(LISTED RECORDS)
- Opening Delimiter -
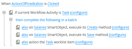 - Batch rule actions together using the complete the following in a batch execution type because only one call is made to the server when you use offline forms. It is recommended that you have one action button and the rule for this button must contain all actions that you want to record when offline. SmartObject method actions and workflow-related methods are examples of actions that must be recorded while offline.
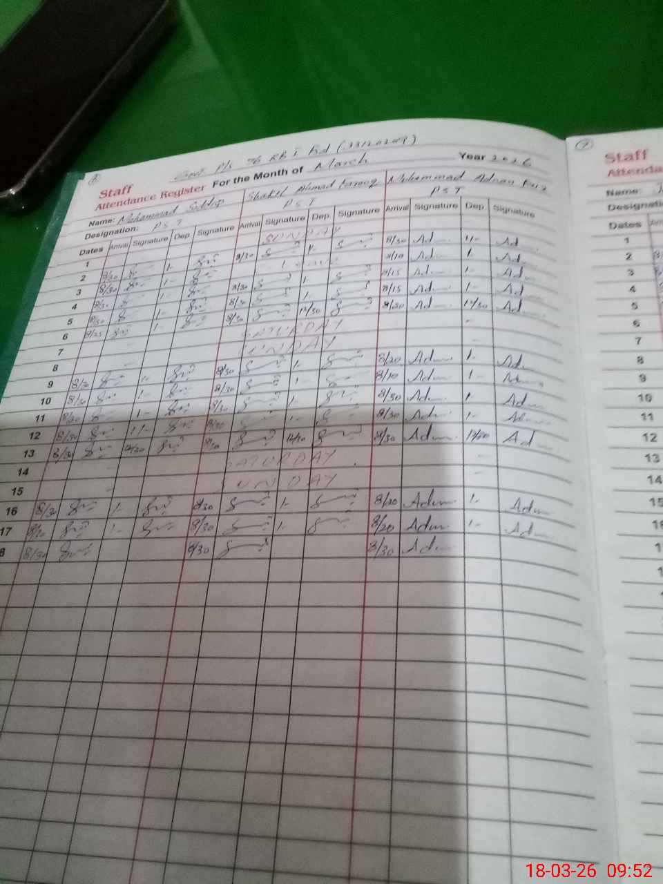 | Name: MU**** SI**** Designation: (School Headmaster's/Headmistress's) PST Phone/Cell Number: 03**** |
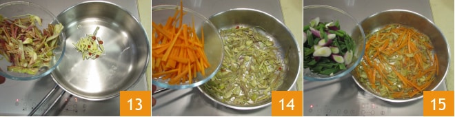 Agora passe para o cozimento. Em uma caçarola, aqueça um pouco de óleo em fogo alto e adicione o alho e a pimenta, em seguida, as alcachofras 13. Salteie por poucos instantes e acrescente as cenouras 14, a cebolinha 15
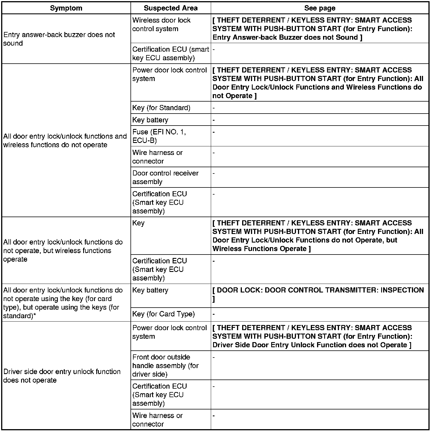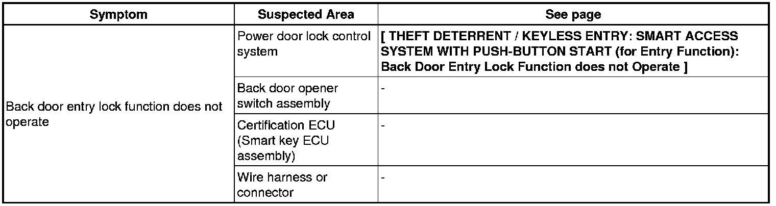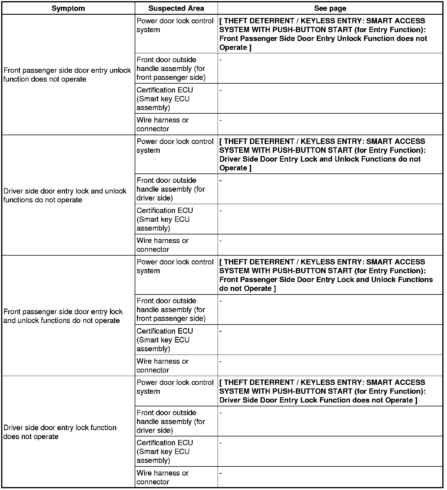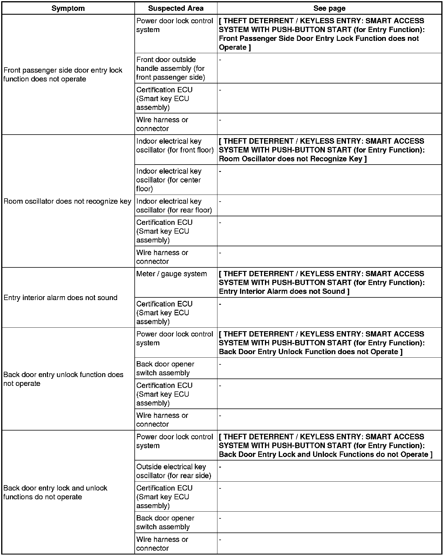 THEFT DETERRENT / KEYLESS ENTRY: SMART ACCESS SYSTEM WITH PUSH-BUTTON START (for Entry Function): PROBLEM SYMPTOMS TABLE
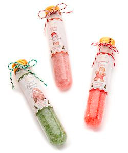 Bath Salts  Take time to refresh and relax after a long day with these sweetly Scented Bath Salts (80 grams) and leave your body feeling cleansed and revitalized. Comes in a glass test tube with festive motifs. Available in 3 assorted holiday scents with sentiments
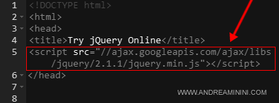 Qual è meglio? Locale o remota? Per usare la libreria dall'esterno, senza installarla sul sito, basta inserire un semplice script nella sezione <head> delle pagine HTML. In genere, si richiama la libreria messa a disposizione da Google.
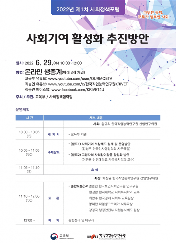이번 공개토론회는 코로나19 상황을 고려해 온라인으로 실시간 생중계되며 교육부 유튜브 및 한국직업능력연구원 유튜브, 페이스북을 통해 국민 누구나 접속해 시청할 수 있으며 토론회 발표 내용은 행사 종료 후, 사회정책 누리집에서 확인할 수 있다.
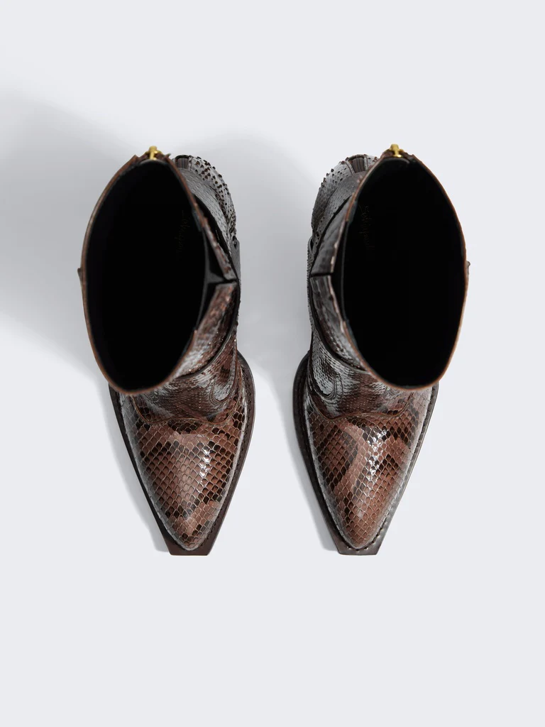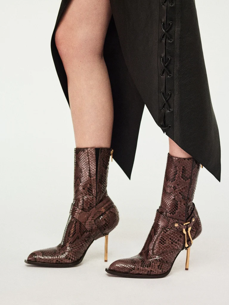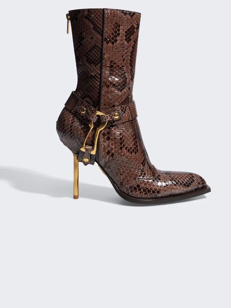 Cette paire de bottines d’inspiration western en python à talon aiguille orné d’un anneau à strass et d’une lanière amovible rehaussé du détail Trou de Serrure en métal doré rend hommage à l’un des codes emblématiques de la Maison.
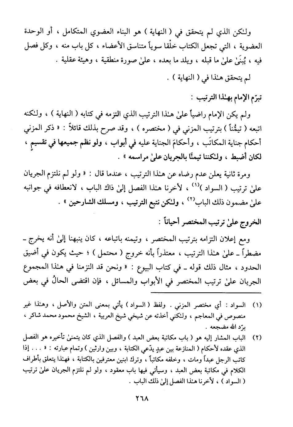 ومرة ثانية يعلن عدم رضاه عن هذا الترتيب، عندما قال: " ولو لم نلتزم الجريان على ترتيب (السواد) (¬1)، لأخرنا هذا الفصل إلى ذاك الباب، لانعطافه في جوانبه على مضمون ذلك الباب (¬2)، ولكن نتبع الترتيب، ومسلك الشارحين ".
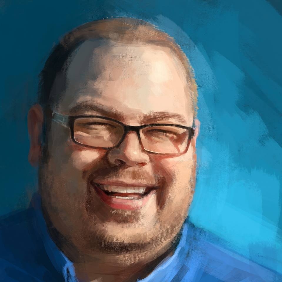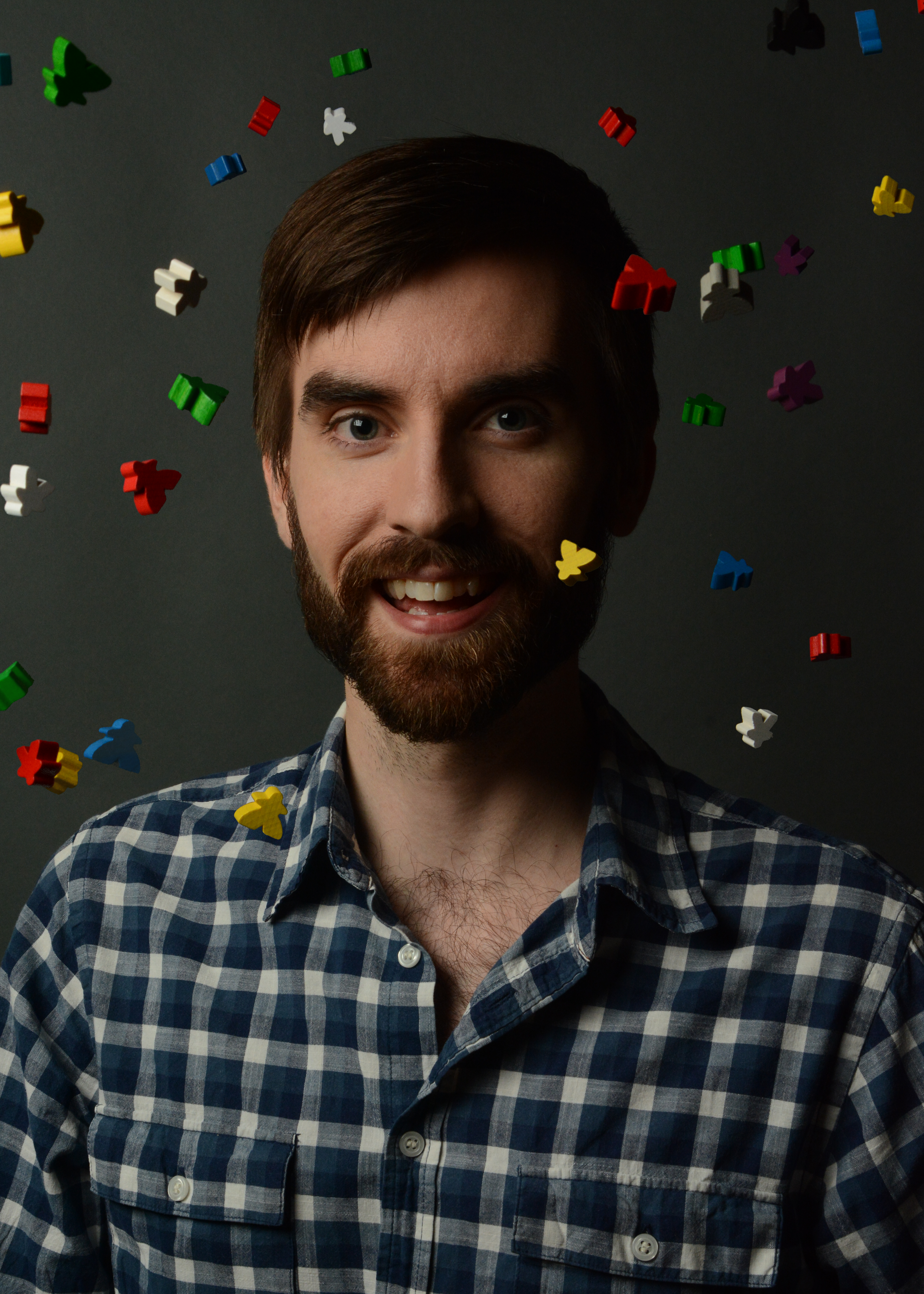 David Van Drunen surrounded by colourful meeples.
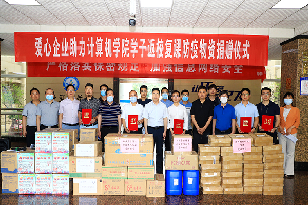 党政办公室主任张波、国有资产管理处处长葛霄、教务处副处长龚彦忠、计算机学院党委书记沈会玲参加捐赠仪式并为爱心企业颁发捐赠证书。
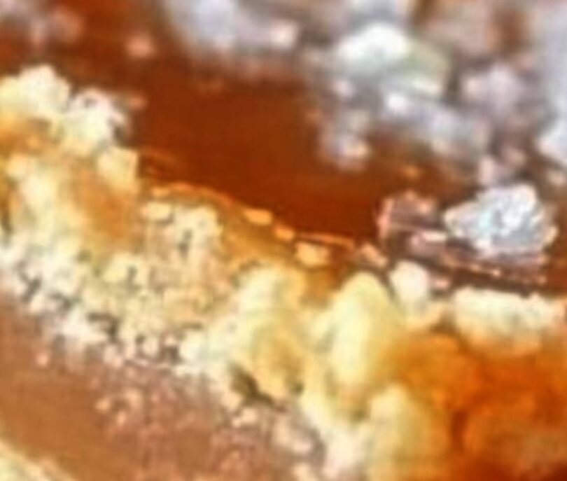Pour caramel mixture over the crust in the baking dish.
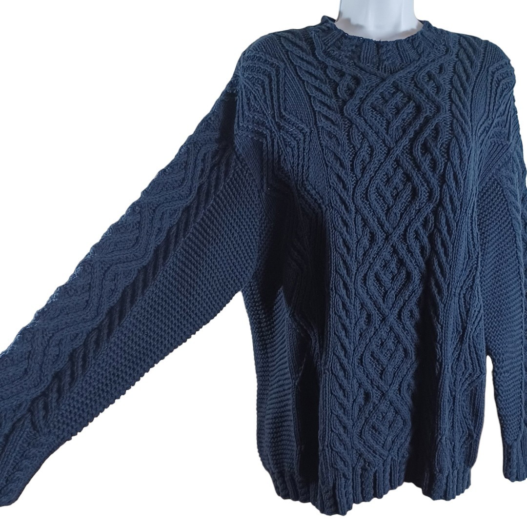 как выглядит Vtg Eddie Bauer Fisherman L Petite Sweater Navy Chunky Cable Knit 100 Cotton фото
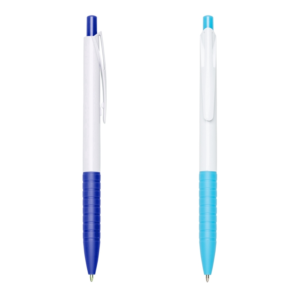 Caneta plástica branca com detalhes em azul. Clip plástico com detalhe vazado nas laterais, acionador e parte inferior colorida com oito anéis em relevo. Aciona por clique.
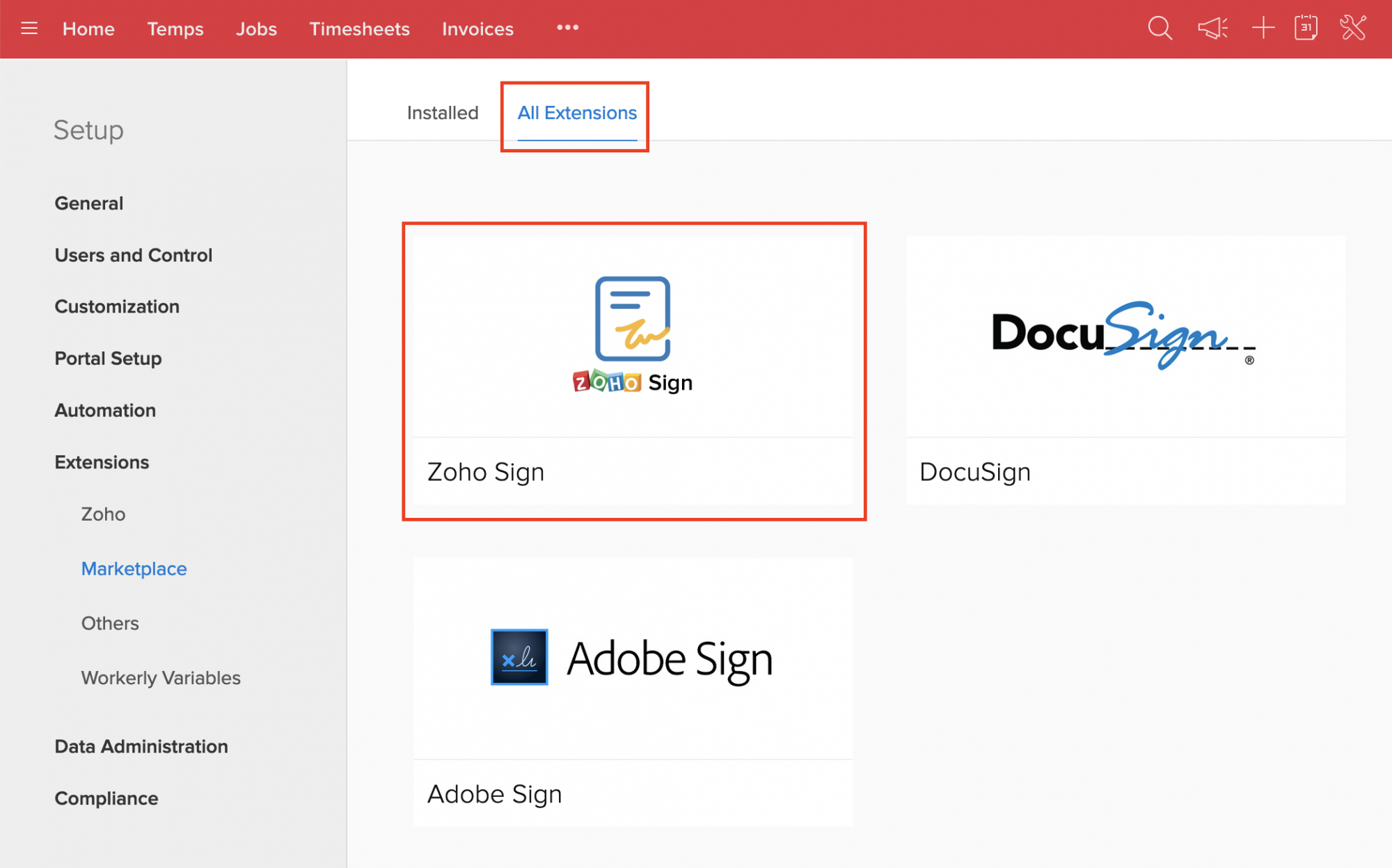 注意:Zoho Signの拡張機能は、Zoho Workerlyの有料プランでのみアクセスできます。
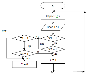 МКС опрашивает двоичные датчики Х1, Х2, Х3 и Х4 и вычисляет логическую
- Closing Delimiter -
(TASK PROMPT) Output the line containing "Caneta plástica branca" along with every line after it to the end of the material, exactly as written, but without pictures.

(RESULT OF THIS TASK)
 Caneta plástica branca com detalhes em azul. Clip plástico com detalhe vazado nas laterais, acionador e parte inferior colorida com oito anéis em relevo. Aciona por clique.
 注意:Zoho Signの拡張機能は、Zoho Workerlyの有料プランでのみアクセスできます。
 МКС опрашивает двоичные датчики Х1, Х2, Х3 и Х4 и вычисляет логическую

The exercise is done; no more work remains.